The Commission to Study School Funding appears set to challenge the so-called “first-last dollar” rule by which the New Hampshire Supreme Court has arguably required the state to fund the entire cost of a constitutionally adequate public education.
In 1993, the court ruled the state is obliged to provide an adequate education and “guarantee adequate funding” to districts. Since then, the court has clarified and reaffirmed its opinion, never so bluntly as in 2006, when the justices wrote, “whatever the State identifies as comprising constitutional adequacy it must pay for. None of that financial obligation can be shifted to local school districts, regardless of their relative wealth or needs.”
In the 2018-19 fiscal year, total school expenditures amounted to $3.3 billion. The American Institutes for Research, consultant to the commission, used data from the state Department of Education to calculate the cost of funding an adequate education in every school district was $2.9 billion.
AIR presented two funding scenarios, both including some $602 million in state dollars from the Education Trust Fund, but otherwise relying solely on property taxes. One would pair a “mandatory minimum local contribution” funded by a $5 property tax with a statewide property tax at a rate of $7.24 for a total rate of $12.24. The other would consist only of a statewide property tax with a rate of $12.05.
AIR’s models show that by distributing funds among districts according to their disparate needs and resources, the state could meet its obligations to fund an adequate education in every school district with taxes uniform in rate and equal in valuation throughout the state without either raising more revenue or increasing current expenditures. And, at the same time, funding would be sufficient to drive the level of student achievement to the state average in every district.
At a Sept. 29 meeting of the panel, state Sen. Jay Kahn, D-Keene, who chairs the commission’s Adequacy Work Group, put it, “We’ve priced it. With the amount of money we are currently spending we can achieve the average outcomes in every district.”

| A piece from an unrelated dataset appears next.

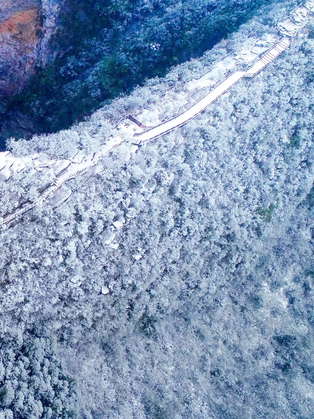 当3000米长的悬崖被冰雪封印,当火棘林在白雪中燃起"火焰",龙缸就把"惊险刺激"和"极致浪漫"这两个八竿子打不着的词,完美融在了一起。站在云端廊桥往下看,是千米冰瀑的震撼;远眺群山,又是北国风光的苍茫。

But attorney Bill Ardinger, a member of the panel, turned to the first-last dollar rule, calling it “horrible policy.”
He said that if the total cost is $3 billion, “then the first-last dollar rule says, “’OK, the $3 billion is the state’s budget obligation, not the current $1 billion.’ If that’s where this goes, it breaks. It doesn’t work. If what we have to do is have 100% of our total spend be state budget dollars, we’re broken.”
Ardinger warned “there is a zero chance you can get that through the Legislature. It would crack the rating agencies’ view of the state budget.” He said the $3 billion would represent ”almost a 180% increase in state spending.”
At the same time, Ardinger claimed that the first-last dollar rule conflicted with other language from the court that “celebrates the New Hampshire tradition of local control and local financing.” Questioned by John Beardmore, he referred to the Claremont opinion in 1997.
There, the justices wrote: “We recognize that local control plays a valuable role in public education; however, the State cannot use local control as a justification for allowing the existence of educational services below the level of constitutional adequacy. The responsibility for ensuring the provision of an adequate public education and an adequate level of resources for all students in New Hampshire lies with the State.”
Massachusetts, Ardinger said, has “a great progressive distribution,” with the state contributing 38% of the cost of funding public schools and local property taxpayers, including a mandatory minimum contribution, representing the largest share.
“If the first-last dollar rule allows that,” Ardinger said, “then we can focus on $2.9 or $3 billion as the total spend target, but we’re not gutting New Hampshire and New England’s tradition of a very important role for local taxes. I think that’s what’s at stake.”
Rep Dick Ames, D-Jaffrey, noted that the New Hampshire Supreme Court has not considered a system akin to that of Massachusetts. He suggested that the court might look favorably on a system with “a mandatory minimum where municipalities would raise a lot of money, but they’d raise it through a uniform rate and the state’s dollars would provide the rest.”